We disconnect. I sit on the edge of the bed for a long time, thinking.

Then I call Pinecrest Cemetery, introduce myself to the person who answers, and tell him that I want to exhume my mother’s grave.

The man on the other end of the line is silent for a moment, then he produces a small, embarrassed cough. “I’m afraid that’s not possible, Ms. Blackthorn.”

“Why not?”

“We’ve been instructed not to accommodate any requests to move graves.”

“I don’t want to move her. I want to exhume her remains to conduct a postmortem. We’ll put her right back when we’re done.”

“I understand, but I’m afraid it’s still not possible. Since Anderson’s Funeral Home was shut down, the state regulatory board has opened an investigation into misconduct allegations. Until that investigation concludes, we’re not allowed to disinter any bodies.”

“I don’t understand how the two are connected.”

“To put it simply, all the graveyards Anderson’s serviced over the past few decades are considered possible crime scenes. That’s all the information I can divulge.”

I recall the PI telling me one of the complaints against Anderson’s was a body missing from a casket and being replaced by weights, and another casket having more than one body inside.
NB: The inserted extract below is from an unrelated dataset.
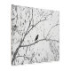 A black and white photograph of a black bird perched on a branch of a tree. The tree branches have seeds dangling from them. The branches and seed pods create an abstract background surrounding the little black animal. Photograph Copyright ©Kimberly J Tilley.

“Does that mean the authorities will dig up the graves themselves?”

“I can’t comment on that.” He lowers his voice to a whisper.

“Off the record, yes. They’ve already begun.

From the sound of it, this whole thing is about to get very dirty.

The entire Anderson clan up and disappeared, which means those rascals hightailed it so they don’t go to prison for all the nasty tricks they played that they thought would stay buried with the poor dead folks they mishandled.

But you didn’t hear any of that from me. ”

“Of course not. I appreciate the insight. Thank you for your time.”

The day passes uneventfully. The peace lasts until somewhere around midnight, when I sit bolt upright in bed, sensing a strange presence in the room.

I roll over and switch on the lamp on the nightstand. The room floods with light.

I’m alone.

I’m relieved until my intuition tells me to turn off the light and be still. I sit with my knees pulled up under my chin, my ears primed to the hum of the stillness, my heart thudding a heavy, primal beat.

Somewhere far off in the distance, a lone wolf howls.

Rising from bed, I cross to the window, open the drapes, and look out. Ronan stands outside the gate, smoking a cigarette.

I knew he was there even before I saw him.

We gaze at each other across the distance until I pull the drapes closed. Then I return to bed and lie staring at the ceiling in the dark until dawn creeps around the edges of the drapes.

When sleep finally claims me, I dream of blue butterflies and red foxes, white cats and black dogs, and Granny Lorinda riding a huge great horned owl against a backdrop of the starry night sky and the full, glowing moon, her long white hair snapping in the wind.

A flock of ravens follows closely behind her.

When I wake in the morning, my pillowcase is once again covered in blood.

My nosebleed is so bad this time, it soaked all the way through the pillow.